Note that the equation `kk` is declared over the set `t`, but it is defined over the domain `t.lead(1)`. Therefore the first equation that will be generated is the following:

```k["t2"]  ==  k["t1"] + i["t1"]
```

Note that the value of the variable `k["t1"]` is fixed at the value of scalar `k0`. Observe that for the last element of `t`, the term `k[t.lead(1)]` is not defined and therefore the equation will not be generated.

To summarize, the lead operator in the domain of definition has restricted the number of constraints generated so that there are no references to non-existent variables.

For a more realistic model that illustrates the usage of linear lag operators in equations, see for example the optimal economic growth model ramsey.py .
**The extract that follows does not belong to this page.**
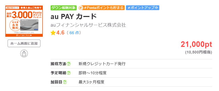 また2024年7月時点では、auPAYカードを持っていない人は、auPAYゴールドカードを新規作成すると、ポイントサイト(後述) & 新規入会・利用特典で、年会費を差し引いても20,000円相当が黒字になるので、まずは1年使ってみてから判断しても良さそうです。
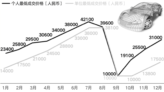 杭州2016年小客車每月競(jìng)價(jià)(最低)曲線變化圖。制圖/龔子皓

Linear Lag and Lead Operators in Equations - Reference

In the previous subsection we showed how to write the equation `kk` using the lead operator for domain control in combination with fixing the variable `k[tfirst]` to `k0`. An alternative formulation could neglect the fixing of `k[tfirst]` and use a lag operator and a condition in the expression of the equation while the domain of definition is unrestricted:

```kk[t] = k[t] == k[t.lag(1)] + i[t.lag(1)] + k0.where[tfirst[t]]
```

Note that for the first element of the set `t` the terms `k[t.lag(1)]` and `i[t.lag(1)]` are not defined and therefore vanish. Without the conditional term, the resulting equation would be:

```k["t1"] == 0
```

However, this would lead to different results as `k["t1"]` would not be set to the value of `k0` anymore. Therefore the conditional expression `k0.where[tfirst[t]]` is added. Observe that in this formulation equations are generated for all time periods, no equation is suppressed.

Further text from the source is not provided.